WHAT TO DO: Please repeat the entire listing verbatim and keep the pictures out.

DATA BLOCK:
=== Begin Enclosure ===

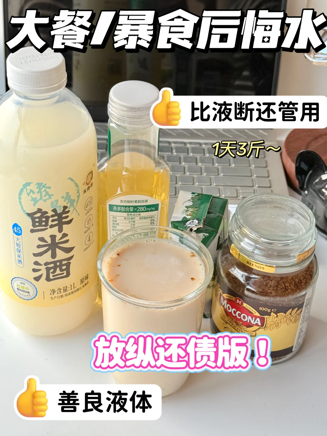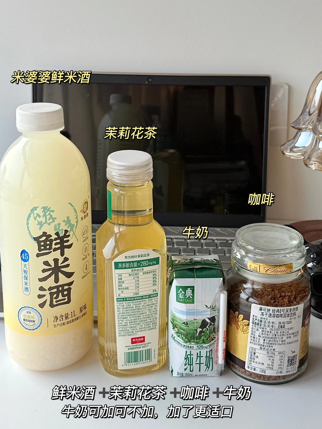 给大家分享一个我无意间发现的超🐮的善良水,鲜米酒➕咖啡➕茉莉花茶,加牛奶更好喝些,我圣诞节生日,团建大餐后都喝的这个善良水,屡试不爽!!!
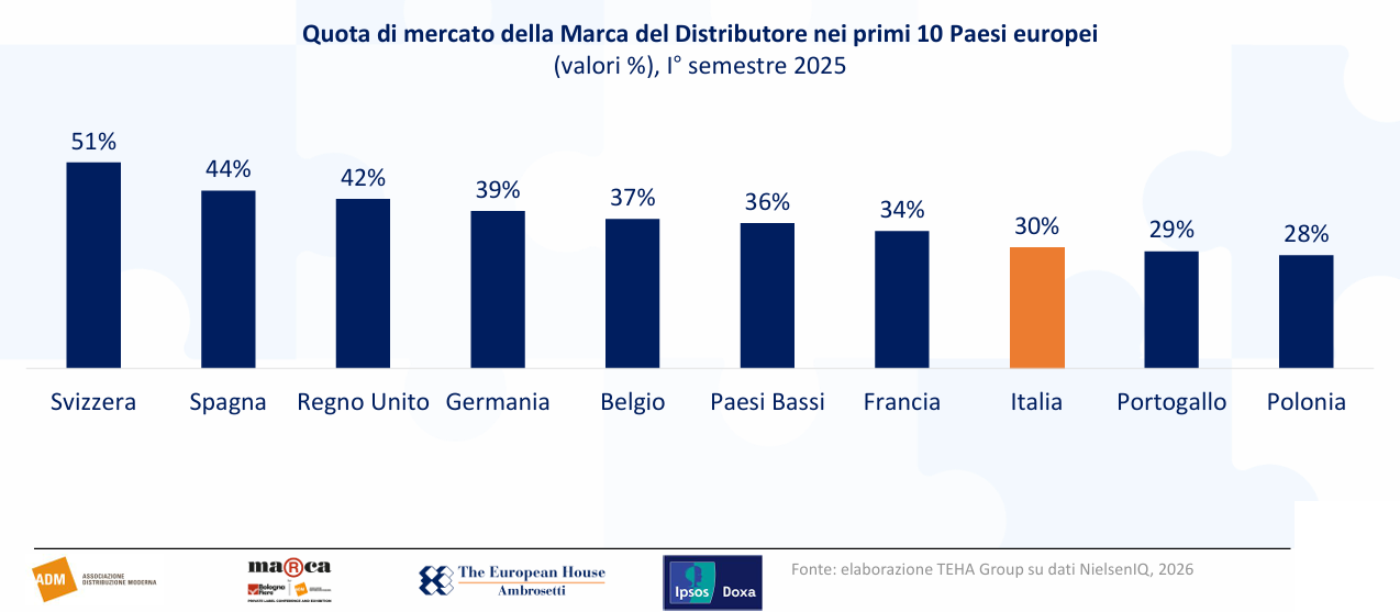Nel confronto europeo, invece, l’Italia mostra ancora un significativo ritardo: nel primo semestre 2025 la quota di mercato della Mdd nel nostro Paese è indicata al 30%, inferiore a mercati come Svizzera (51%), Spagna (44%), Regno Unito (42%) e Germania (39%), ma in un cluster comunque ormai vicino a Francia (34%) e Paesi Bassi (36%). Un dato che, letto insieme alla crescita registrata negli ultimi anni, suggerisce una dinamica ancora espansiva.
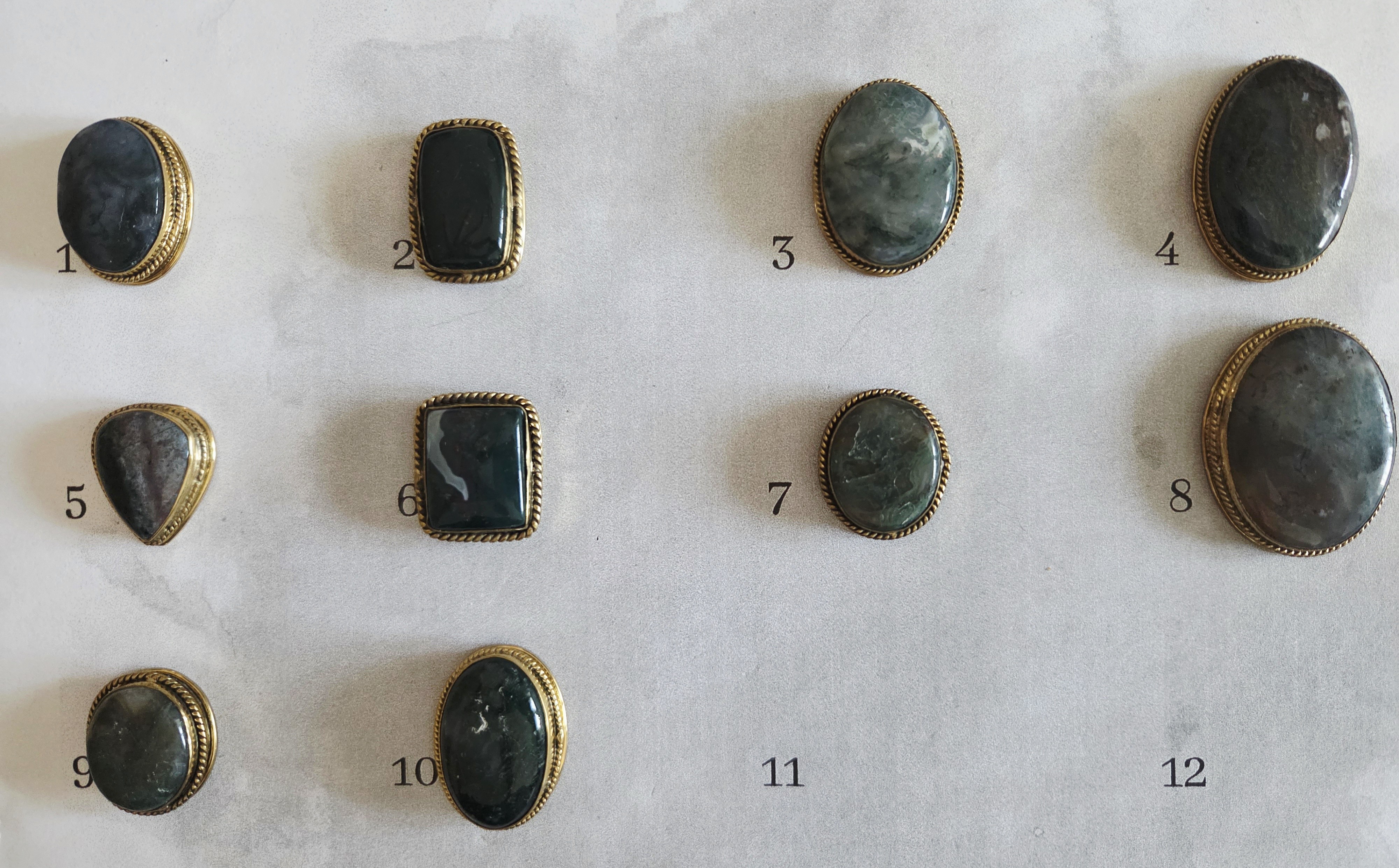 Toutes les pierres sont en photos ici, le numéro de le pierre est directement sur la photo de la pierre, sélectionne dans le menu déroulant la pierre d'après son numéro de référence, au même endroit il y a la taille de la pierre

=== End Enclosure ===

WORKED SOLUTION:
 给大家分享一个我无意间发现的超🐮的善良水,鲜米酒➕咖啡➕茉莉花茶,加牛奶更好喝些,我圣诞节生日,团建大餐后都喝的这个善良水,屡试不爽!!!
Nel confronto europeo, invece, l’Italia mostra ancora un significativo ritardo: nel primo semestre 2025 la quota di mercato della Mdd nel nostro Paese è indicata al 30%, inferiore a mercati come Svizzera (51%), Spagna (44%), Regno Unito (42%) e Germania (39%), ma in un cluster comunque ormai vicino a Francia (34%) e Paesi Bassi (36%). Un dato che, letto insieme alla crescita registrata negli ultimi anni, suggerisce una dinamica ancora espansiva.
 Toutes les pierres sont en photos ici, le numéro de le pierre est directement sur la photo de la pierre, sélectionne dans le menu déroulant la pierre d'après son numéro de référence, au même endroit il y a la taille de la pierre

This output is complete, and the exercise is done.